» SUPPLIED RECORDS:

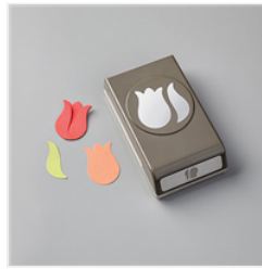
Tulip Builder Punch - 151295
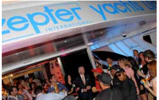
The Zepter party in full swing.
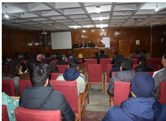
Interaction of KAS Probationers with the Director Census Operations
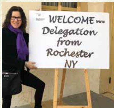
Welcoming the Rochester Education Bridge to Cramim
...
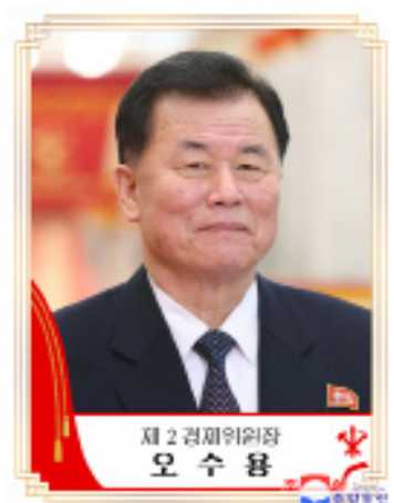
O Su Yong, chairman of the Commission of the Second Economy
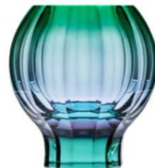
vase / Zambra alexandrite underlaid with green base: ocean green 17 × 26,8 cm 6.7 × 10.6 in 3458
* * *
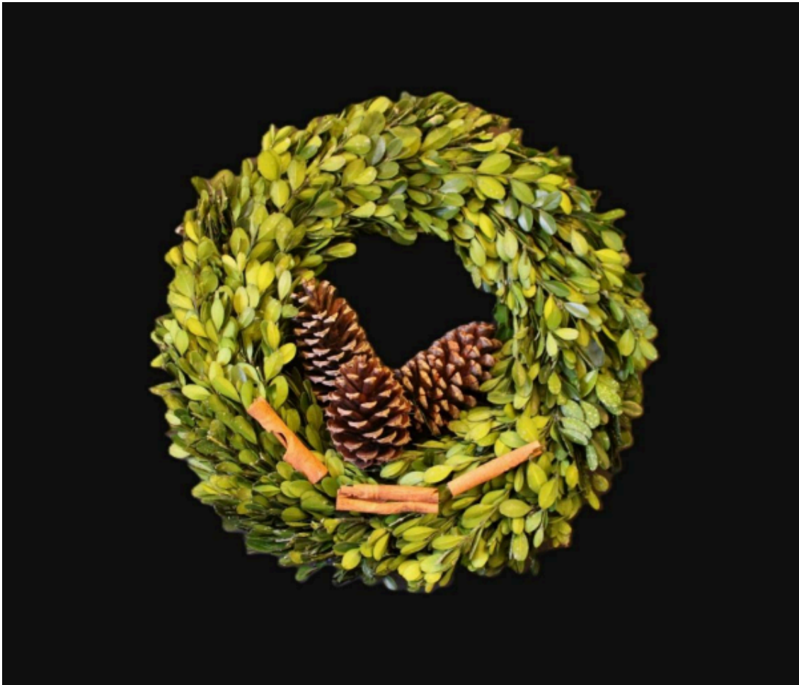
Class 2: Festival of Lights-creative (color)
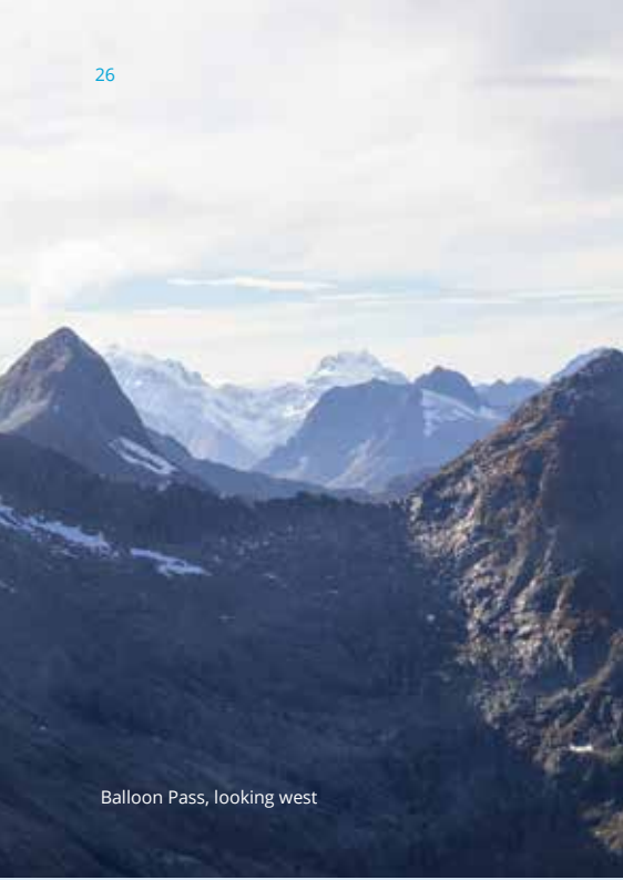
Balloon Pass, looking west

» AIM OF THE EXERCISE: Look through the material above. Transcribe exactly the lines between the ones with "Tulip Builder Punch - 151295" and "Welcoming the Rochester", inclusive, and keep pictures out.

» RESULT FOR THIS EXERCISE:
Tulip Builder Punch - 151295
The Zepter party in full swing.
Interaction of KAS Probationers with the Director Census Operations
Welcoming the Rochester Education Bridge to Cramim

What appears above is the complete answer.